Born in Birmingham in 1922. Studied painting at Birmingham College of Arts and Crafts (1937-39) and, after shortened war service, at the Slade School of Art (1943-46). In 1946 he moved to Paris where, although already a gifted draughtsman, meeting and befriending Giacometti persuaded him to turn to sculpture. Over a lifetime in Paris he would get to know several of the most interesting artists, such as Brancusi, Picasso, Cocteau, Cartier-Bresson, Malraux – many memorialised in his light-hearted memoir ‘At Work in Paris’ (Thames & Hudson, 2003). Mason died in 2010.

His lifelong subject would be life in the street, portrayed with directness, humour and a particular gift for characterisation. His originality lay in the creation of deep-relief tableaux in an up-to-date translation of the spirit of William Hogarth and Stanley Spenser.

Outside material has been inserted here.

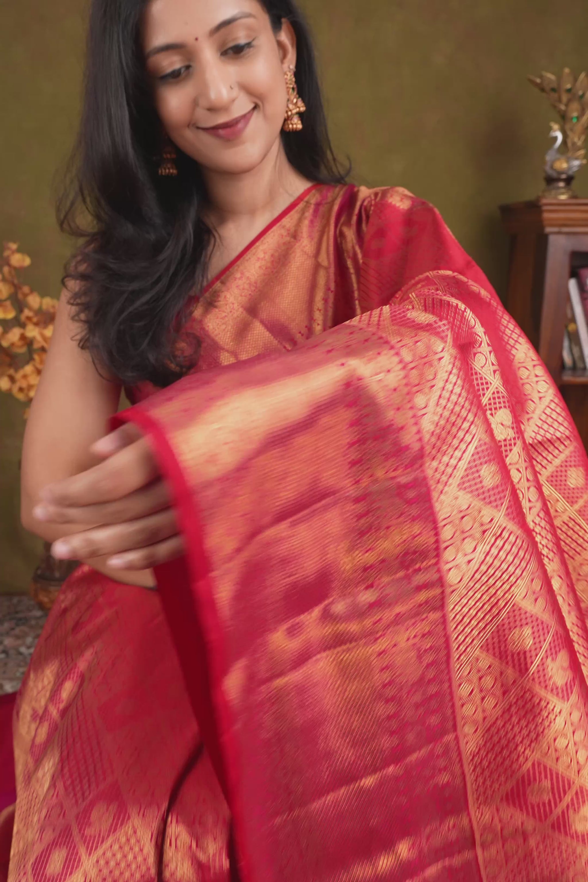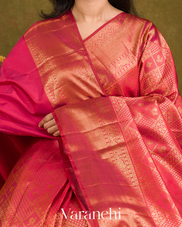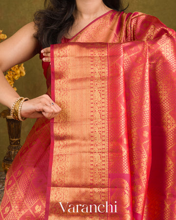 Reddish Pink Heavy Brocade Pure Kanchipuram Silk Handloom Saree

His medium was plaster, polychromed, later occasionally resin, as in ‘The Crowd’ (1965), ‘The Departure of Fruit and Vegetables from the Heart of Paris’ (1969-71, commemorating the closure of Les Halles), ‘A tragedy in the North: Winter, Rain, Tears’ (1975-77, a Zola-esque subject) and ‘Forward’ (1991, for Birmingham’s Centenary Square, later destroyed by arson). Occasionally, studies were done in ink or watercolour before or after the sculptures.

He was early taken on by the Beaux-Arts Gallery in London, and later exhibited regularly with Claude Bernard in Paris and Pierre Matisse in New York. Retrospectives were held at the Serpentine Gallery, London, and the Museum of Modern Art, Oxford, in 1982, and at the Fondation Dina Vierny-Musée Maillol in 2000. In 1989 Birmingham’s Museum and Art Gallery organised a major touring exhibition which was seen at the Manchester City Art Gallery and at Edinburgh’s City Art Centre. He was named Chevalier de l’Ordre des Arts et des Lettres in 1978, and received an O.B.E. in 2002.